■ **Dataset records**
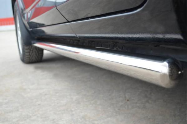 Пороги для Toyota RAV 4 (обычная база) 2010- изготовлены из высококачественной нержавеющей стали марки AISI 304, труба имеет диаметр 57 мм. Торцы труб выполнены в виде полусферы.
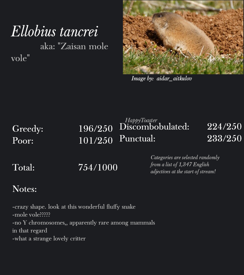 Mogera insularis aka: "Insular mole" Image by: sheng-hua Cooperative: 79/250 Serene: 148/250 Supercalifragilisticexpialidocious: 174/250 Flippant: 149/250 Categories from a list are of 1 selected ,347 Eng randomly glish Total: 550/1000 Categ from or a ies list ar of select 1,347 ed rando English adjectives at the start of stream! Notes: -classic mole -moles are so cool -lives in abandoned cultivated fields -obscure mole
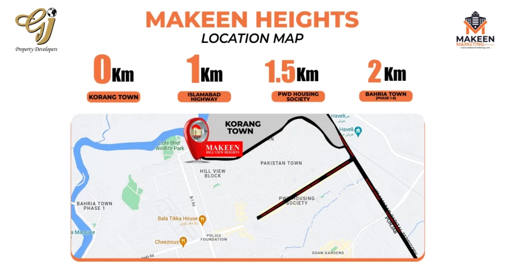 Makeen Hill View Heights is positioned at a key and prime location that is easily accessible from all the neighboring cities and locations. The apartments are located exactly in the Korang Town Islamabad. The apartments are placed in the heart of Islamabad.
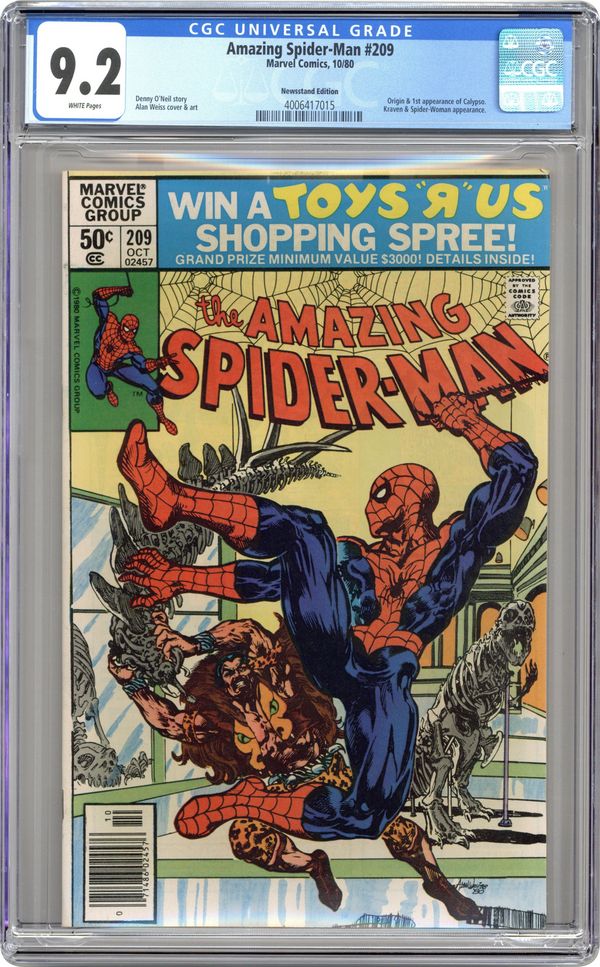Newsstand Edition. "To Salvage My Honor!" First appearance of Calypso. Script by Denny O'Neil. Pencils by Alan Weiss. Inks by Klaus Janson, Bob McLeod, Joe Rubinstein, Bob Wiacek, and Al Milgrom. Cover by Alan Weiss. The specter of Spider-Man still haunts Kraven the Hunter! But Kraven's new accomplice, Calypso, has a plan to change that! While delivering a herd of exotic animals to the city, Calypso releases them to run wild in the streets! And then blames the web-slinger for setting them free! After Kraven subdues the loose animals, he vows to make the wall-crawler pay for this (alleged) indignity! And the next evening at the Museum of Natural History, the Amazing Spider-Man and Kraven the Hunter clash again! The survival of the fittest! Cameo appearance by Spider-Woman. (Note: Kraven and Calypso appear next in Spectacular Spider-Man 65.) 36 pages Cover price $0.50. Grade: CGC 9.2 explanation of grade Condition: Used (collectible)
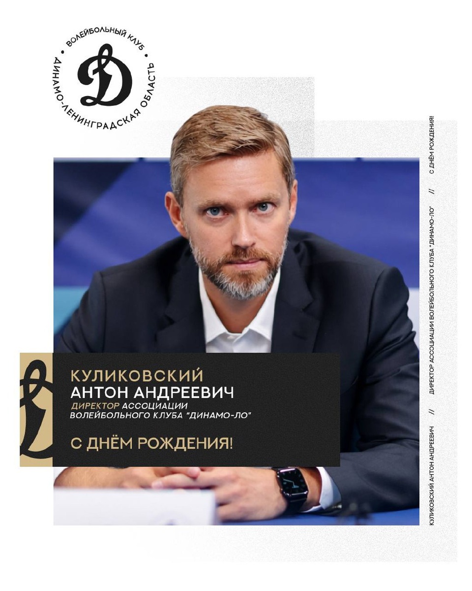 Сегодня день рождения отмечает директор волейбольного клуба «Динамо-ЛО» Антон Андреевич Куликовский
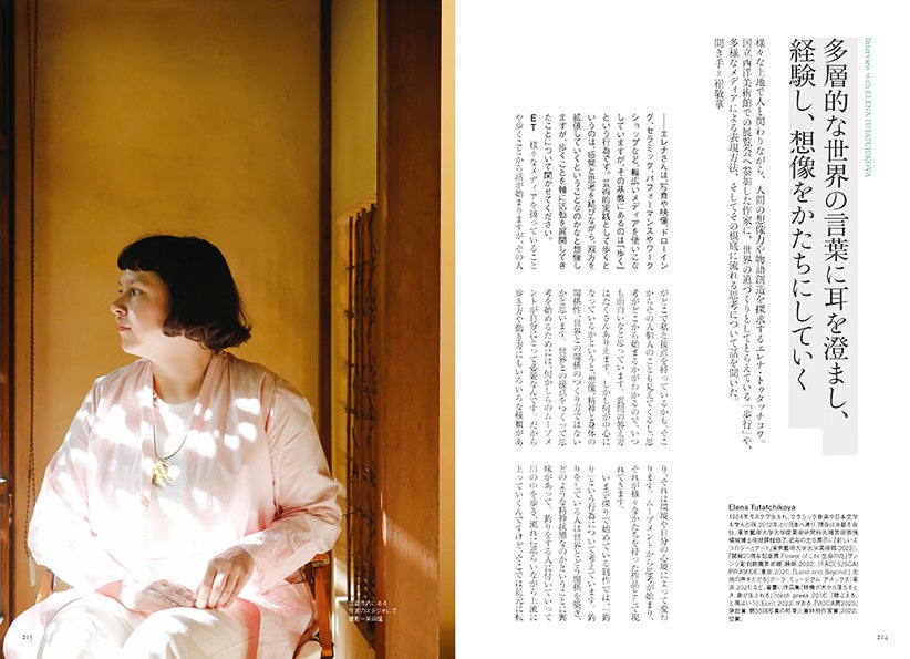 アーティスト・インタビューは、様々な土地で人と関わりながら、人間の想像力や物語創造を探求するエレナ・トゥタッチコワ。国立西洋美術館での展覧会へ参加した作家に、世界の道づくりとしてとらえている「歩行」や、多様なメディアによる表現方法、そしてその根底に流れる思考について、崔敬華が話を聞いた。
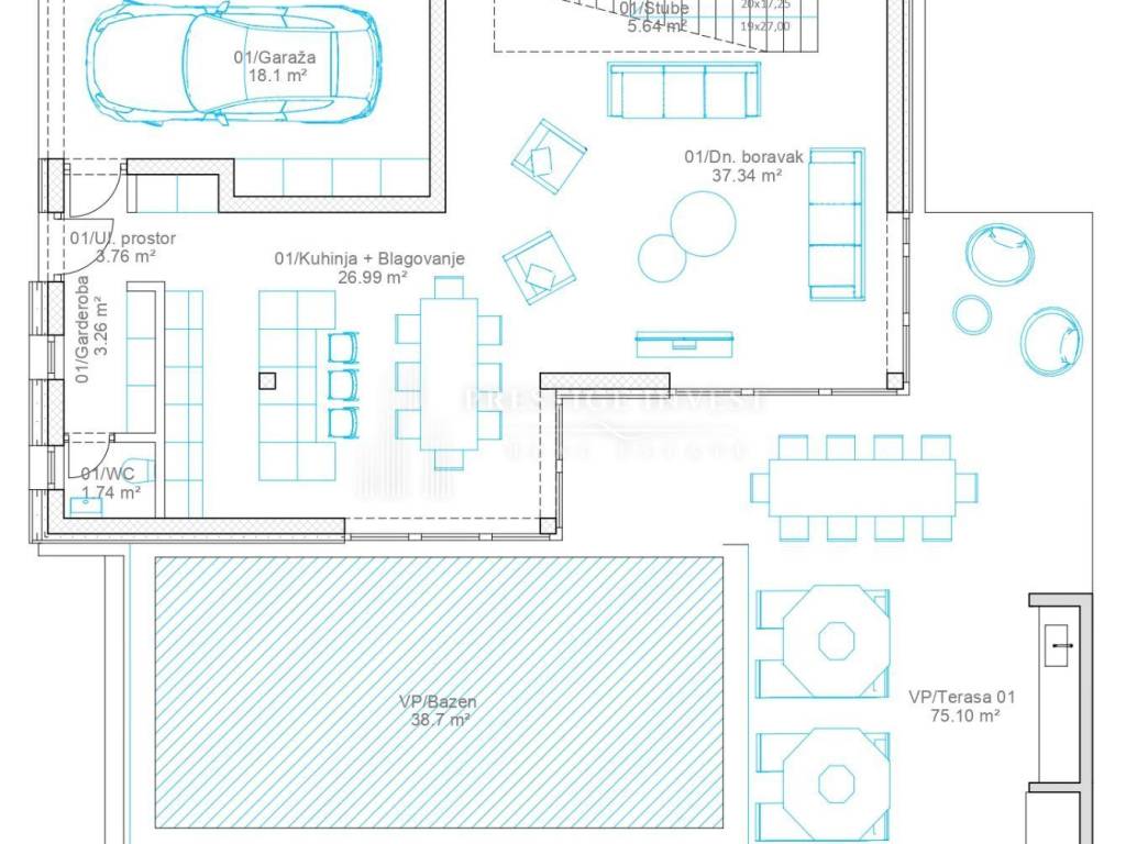 Garaža (18,1 m²), ulazni prostor, garderoba, WC, kuhinja s blagovaonicom i prostrani dnevni boravak s izlazom na natkrivenu terasu i grijani bazen.

■ **Activity**
Transcribe, please, the lines from the one holding "Condition: Used (collectible)" to the final line of the material, both included, exactly and with no extra lines, and skip the pictures.

■ **Exercise result**
Newsstand Edition. "To Salvage My Honor!" First appearance of Calypso. Script by Denny O'Neil. Pencils by Alan Weiss. Inks by Klaus Janson, Bob McLeod, Joe Rubinstein, Bob Wiacek, and Al Milgrom. Cover by Alan Weiss. The specter of Spider-Man still haunts Kraven the Hunter! But Kraven's new accomplice, Calypso, has a plan to change that! While delivering a herd of exotic animals to the city, Calypso releases them to run wild in the streets! And then blames the web-slinger for setting them free! After Kraven subdues the loose animals, he vows to make the wall-crawler pay for this (alleged) indignity! And the next evening at the Museum of Natural History, the Amazing Spider-Man and Kraven the Hunter clash again! The survival of the fittest! Cameo appearance by Spider-Woman. (Note: Kraven and Calypso appear next in Spectacular Spider-Man 65.) 36 pages Cover price $0.50. Grade: CGC 9.2 explanation of grade Condition: Used (collectible)
 Сегодня день рождения отмечает директор волейбольного клуба «Динамо-ЛО» Антон Андреевич Куликовский
 アーティスト・インタビューは、様々な土地で人と関わりながら、人間の想像力や物語創造を探求するエレナ・トゥタッチコワ。国立西洋美術館での展覧会へ参加した作家に、世界の道づくりとしてとらえている「歩行」や、多様なメディアによる表現方法、そしてその根底に流れる思考について、崔敬華が話を聞いた。
 Garaža (18,1 m²), ulazni prostor, garderoba, WC, kuhinja s blagovaonicom i prostrani dnevni boravak s izlazom na natkrivenu terasu i grijani bazen.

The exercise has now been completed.